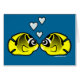 Duas de nossas bonitas natações de Butterflyfish Raccoon juntas, com bolhas em forma de coração ascensão entre elas. Que design querido para o seu docinho! Você pode personalizar totalmente este presente! Adicione texto, mude de cor, mova o peixe para o outro lado, escolha um estilo diferente - faça dele seu!
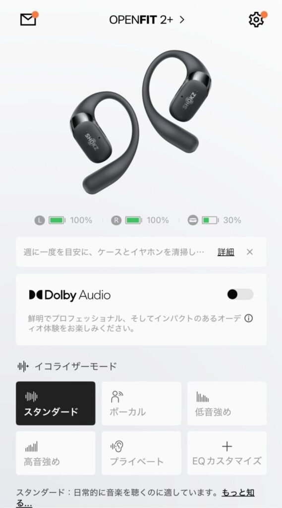 他のshokz製品と同様に、各種設定が可能です。
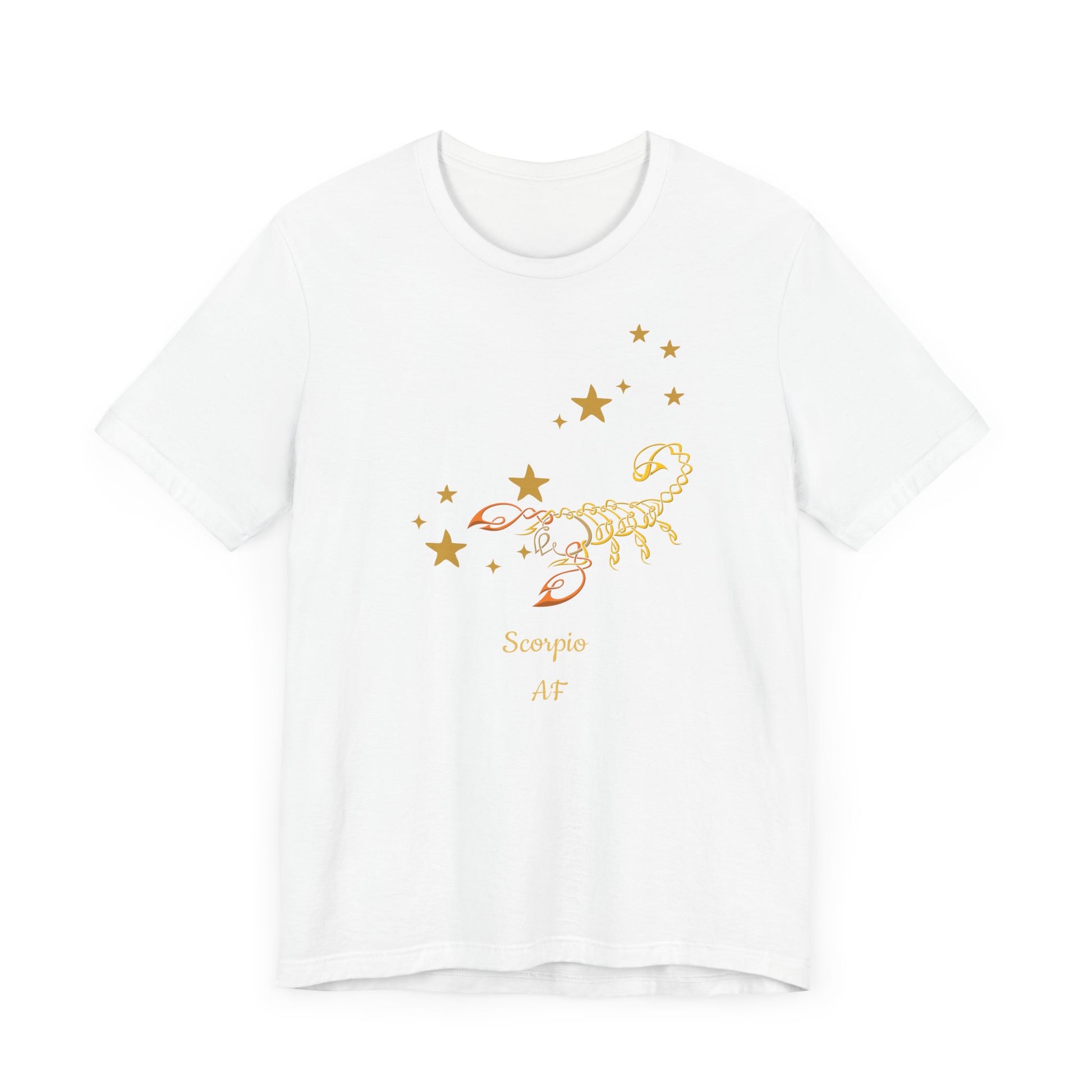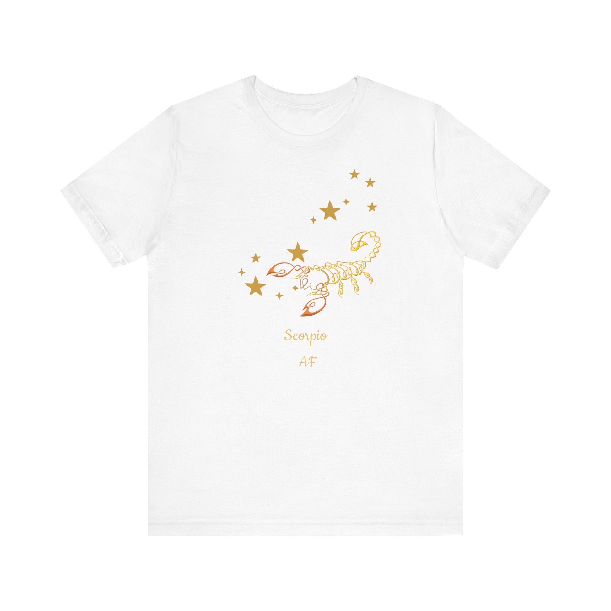 Scorpio AF Stars & Scorpion Symbol T-Shirt | Fun Scorpio T-Shirt | Zodiac T-Shirt | Zodiac Sign Shirt | Astrology | Star Sign | Unisex Jersey Short Sleeve Tee
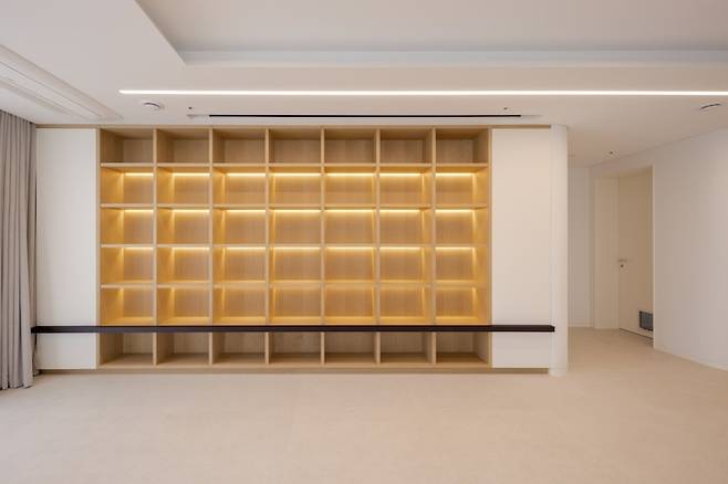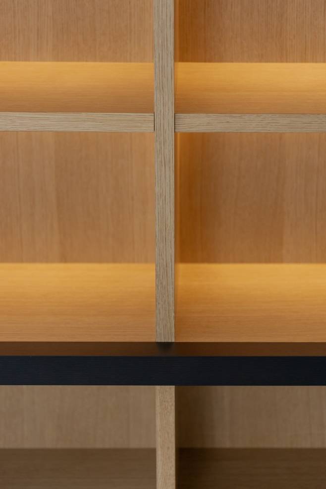 디자인적인 요소를 가미하기 위해 밋밋한 무늬목 책장 대신 섹션 안쪽으로 라인조명을 길게 설치해 전시장 같은 느낌을 주는 하드웨어를 구상했어요.
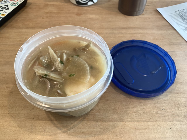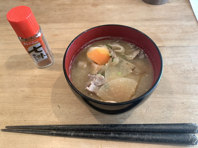 昨夜食べれなかった豚汁が本日の朝食。少し残ったのでお昼ご飯でも食べる。
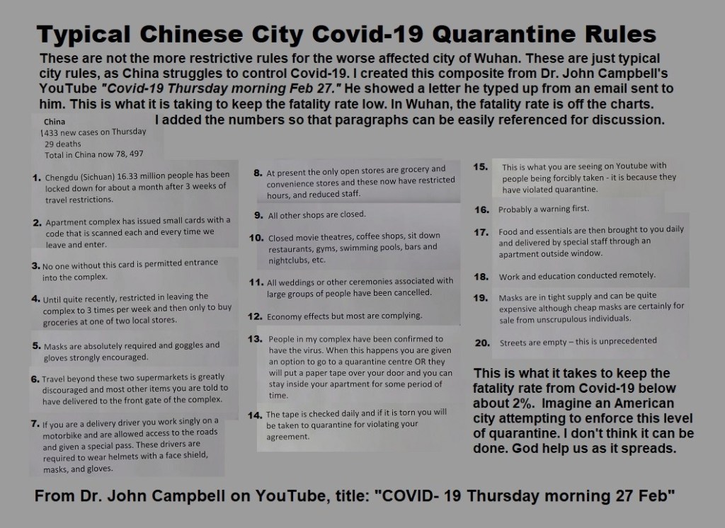 (2) A brilliant blog on the realities of Coronavirus by Dr. Paul Sax, a Harvard Medical School classmate of mine (now Professor at our mutual alma mater), who serves as clinical director of the Division of Infectious Diseases at Brigham and Women’s Hospital. His blog is brilliant. Read it. Share it.
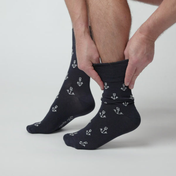 Our Mens Gentle Grip Holiday Cotton Socks in Anchor/Boat/Shark design are the number one solution for people who find regular socks tight and uncomfortable. These comfortable socks feature yachts, anchors and sharks against bases of grey, denim and navy to evoke a life on the ocean wave.
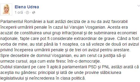 "Parlamentul României a luat astăzi decizia de a nu da aviz favorabil începerii urmăririi penale în cazul lui Varujan Vosganian. Acesta era acuzat de constituirea unui grup infracţional şi de subminarea economiei naţionale, fapte care pot fi considerate extraordinar de grave. Când a fost vorba de mine, au stat până la 1 noaptea, ca să voteze de două ori avizul privind începerea urmăririi penale şi de trei ori avizul pentru arestare”, a scris Elena Udrea.
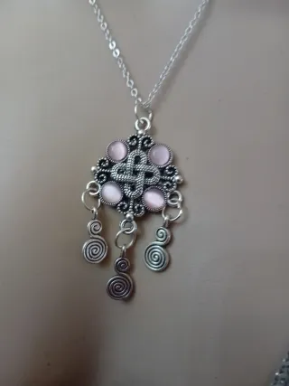 Collana con un ciondolo decorato con pietre color rosa e dettagli in argento. - Ciondolo con motivo celtico. - Inserti in opale rosa. - Pendenti a spirale. - Catena in metallo argentato.
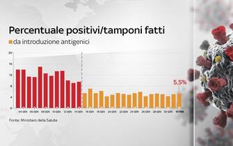 La percentuale di positivi considerando il totale dei tamponi - quindi sia molecolari sia antigenici - è al 5,56% (ieri 5,27%)
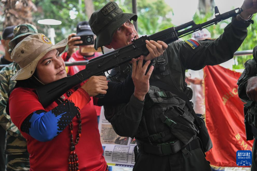 9月20日,在委内瑞拉首都加拉加斯,武装部队人员指导一名参训者使用枪支。新华社发(马科斯·萨尔加多摄)
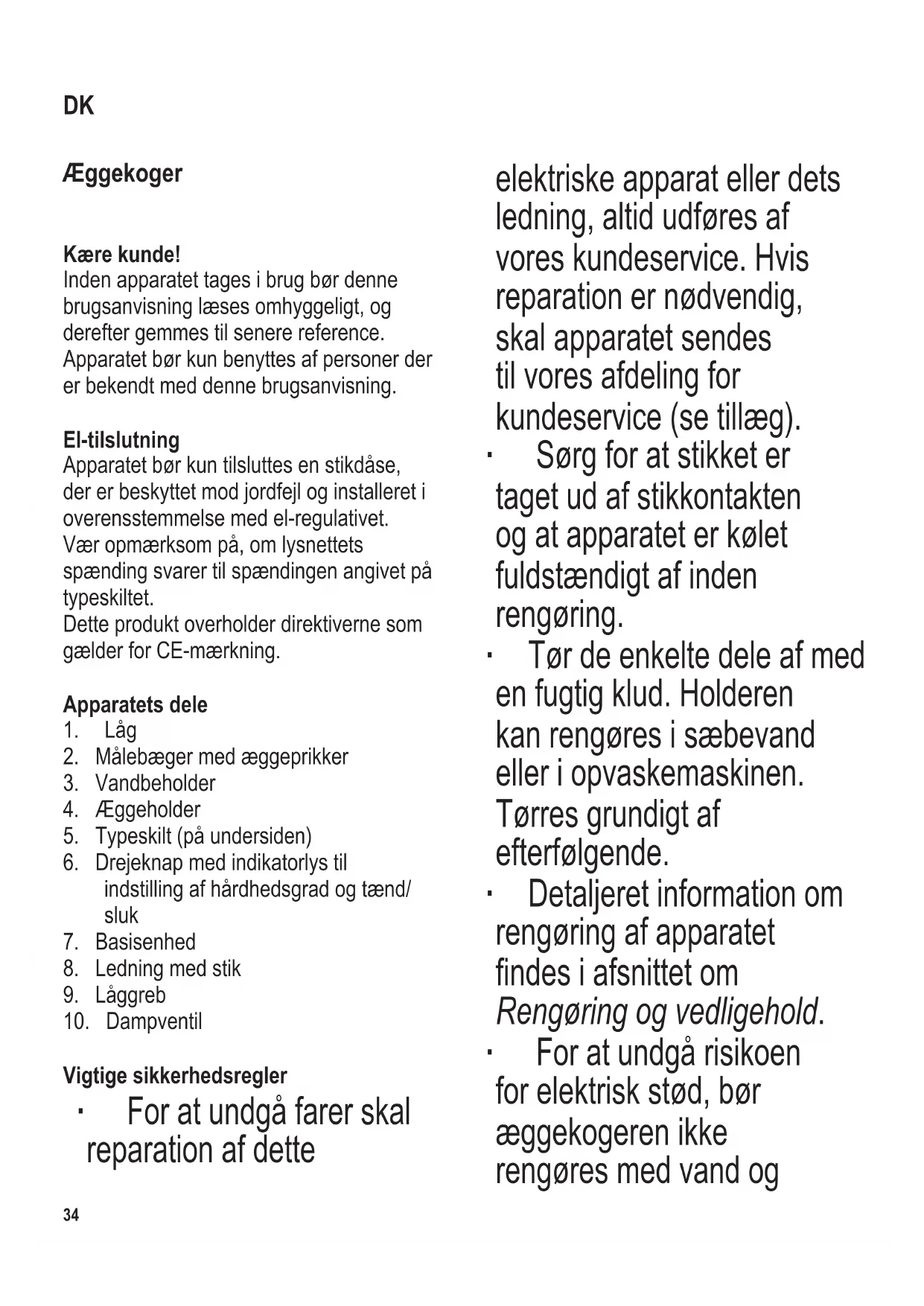 heller aldrig nedsænkes i vand. ∙ Dette apparat er beregnet til privat brug eller i tilsvarende omgivelser, såsom - i tekøkkener, kontorer eller andre mindre virksomheder, - landbrugsvirksomheder, - af kunder på hoteller, moteller m.m. og tilsvarende foretagender, - B&B pensionater. ∙ Pas på! Når æggeprikkeren benyttes. ∙ Advarsel! Æggekogerens overade og vandbeholder bliver meget varm når den er i brug og vil være det i nogen tid bagefter. Tag derfor altid kun fat i håndtaget når æggekogeren er varm. ∙ Advarsel! Varm damp kan slippe ud ved låget. ∙ Advarsel! Det kan medføre skader, hvis apparatet anvendes forkert. ∙ Apparatet kan benyttes af børn på mindst 8 år og af personer med reducerede fysiske, sensoriske eller mentale evner eller manglende erfaring og/ eller viden, såfremt de er under opsyn eller er blevet sat ind i, hvordan apparatet anvendes sikkert, og har forstået de farer, der er forbundet med anvendelsen. ∙ Børn må aldrig få lov til at lege med apparatet. ∙ Børn må aldrig få lov til at udføre rengørings- eller vedligeholdelsesarbejde på dette apparat, medmindre de er under opsyn og mindst 8 år gamle. ∙ Apparatet og dets ledning må altid holdes væk fra36 104 x 142 mm børn som er yngre en 8 år. ∙ Advarsel: Hold børn væk fra emballeringen, da denne udgør en mulig risiko for tilskadekomst, ved f.eks. kvælning. ∙ Inden apparatet benyttes må både apparatet og dets tilbehør ses grundigt efter for fejl. Hvis apparatet for eksempel har været tabt på en hård overade eller der er blevet trukket i ledningen med stor kraft, må det ikke længere benyttes: Selv skader der ikke er synlige kan have ugunstig indvirkning på sikkerheden ved brug af apparatet. I sådanne tilfælde, kontakt vores kundeservice. ∙ Efterlad ikke tilsluttede apparater uden opsyn. ∙ Ledningen må aldrig komme i berøring med varme genstande, kogeplader og lign. Ledningen må først vikles op om apparatet, når det er afkølet. ∙ Tag altid stikket ud af stikkontakten - i tilfælde af fejlfunktion, - efter brug, - inden rengøring af apparatet. ∙ Træk aldrig i selve ledningen, når ledningen tages ud af stikkontakten; tag altid fat i selve stikket. ∙ Under brug må apparatet placeres på en plan overade, der er vand- og varmefast. ∙ Placer aldrig apparatet på eller nær varme overader eller åben ild, såsom kogeplader eller gasblus. Brug ikke apparatet under sarte genstande eller møbler som f.eks. overskabe, da der kommer varm damp ud fra låget under brugen. ∙ Vi påtager os intet ansvar for skader, der skyldes misbrug eller manglende overholdelse af denne brugsanvisning. Før brug ∙ Pak apparatet ud, og fjern al emballage og eventuelle reklamemærkater fra apparatet. Typeskiltet må ikke fjernes. ∙ Brug apparatet en enkelt gang med æggeholder, men uden æg, med indstillingen /smilende, som beskrevet under ‘Betjening’. Betjening ∙ Fyld målebægeret helt op med koldt vand og hæld den opmålte mængde vand i vandbeholderen. ∙ Prik æggenes ade ende med æggeprikkeren; dette vil mindske risikoen for at æggene sprækker under kogningen. ∙ Placer æggene i holderen, sæt holderen ovenpå vandbeholderen og læg låget på. ∙ Sæt stikket i en stikkontakt. ∙ Indstil den ønskede hårdhedsgrad med drejeknappen: – blødkogt – smilende – hårdkogt ∙ Markeringerne gælder for køleskabskolde æg i størrelse M. ∙ Der kan foretages en individuel trinløs indstilling alt efter antallet af æg og deres størrelse: For mindre æg og æg med stuetemperatur drejes knappen lidt længere mod venstre.104 x 142 mm
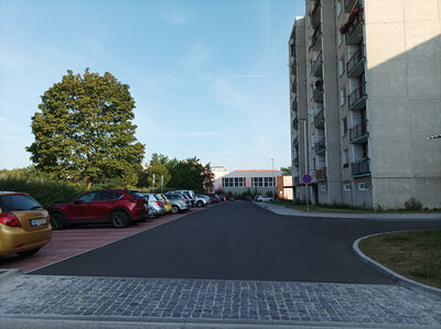 Komunikace byla zachována ve stejných parametrech, jednalo se pouze o rekonstrukci stávající vozovky. Pouze se změnil dopravní režim ze strany bezpečnosti, na zónu Tempo „30“. Celkem bylo vybudováno 86 parkovacích stání, z toho je 46 míst rekonstruovaných na rozměry dle ČSN 73 6056, a 40 vzniklo nově, a to 14 kolmých parkovacích stání v zeleni, na pozemku parc. č. 409/34, podél plotu u objektu tělocvičny školy, a dále 18 kolmých parkovacích stání, v prodloužení stávajícího parkoviště u čp.1006-1007. Zbývajících 8 stání vzniklo na úkor stávajících betonových ploch, užívaných neoficiálně pro parkování.
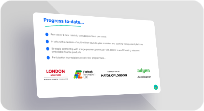 Progress to-date… Run rate of 8 new ready to transact providers per month In talks with a number of multi-million pound a year providers and booking management platforms Strategic partnership with a large payment processor, with access to world beating rates and embedded finance products Participation in prestigious accelerator programmes… Accelerator
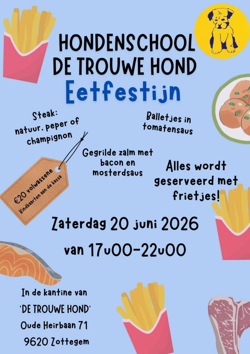 Jullie zijn meer dan welkom op zaterdag 20 juni 2026 van 17u00-22u00 in de kantine van de hondenschool.

------------------------------------------------------------

**What needs to be done**
Word for word, write out the lines from the top of the records above down to the line holding "scris Elena Udrea.", inclusive, but not the pictures.

**Your solution**
 Duas de nossas bonitas natações de Butterflyfish Raccoon juntas, com bolhas em forma de coração ascensão entre elas. Que design querido para o seu docinho! Você pode personalizar totalmente este presente! Adicione texto, mude de cor, mova o peixe para o outro lado, escolha um estilo diferente - faça dele seu!
 他のshokz製品と同様に、各種設定が可能です。
 Scorpio AF Stars & Scorpion Symbol T-Shirt | Fun Scorpio T-Shirt | Zodiac T-Shirt | Zodiac Sign Shirt | Astrology | Star Sign | Unisex Jersey Short Sleeve Tee
 디자인적인 요소를 가미하기 위해 밋밋한 무늬목 책장 대신 섹션 안쪽으로 라인조명을 길게 설치해 전시장 같은 느낌을 주는 하드웨어를 구상했어요.
 昨夜食べれなかった豚汁が本日の朝食。少し残ったのでお昼ご飯でも食べる。
 (2) A brilliant blog on the realities of Coronavirus by Dr. Paul Sax, a Harvard Medical School classmate of mine (now Professor at our mutual alma mater), who serves as clinical director of the Division of Infectious Diseases at Brigham and Women’s Hospital. His blog is brilliant. Read it. Share it.
 Our Mens Gentle Grip Holiday Cotton Socks in Anchor/Boat/Shark design are the number one solution for people who find regular socks tight and uncomfortable. These comfortable socks feature yachts, anchors and sharks against bases of grey, denim and navy to evoke a life on the ocean wave.
 "Parlamentul României a luat astăzi decizia de a nu da aviz favorabil începerii urmăririi penale în cazul lui Varujan Vosganian. Acesta era acuzat de constituirea unui grup infracţional şi de subminarea economiei naţionale, fapte care pot fi considerate extraordinar de grave. Când a fost vorba de mine, au stat până la 1 noaptea, ca să voteze de două ori avizul privind începerea urmăririi penale şi de trei ori avizul pentru arestare”, a scris Elena Udrea.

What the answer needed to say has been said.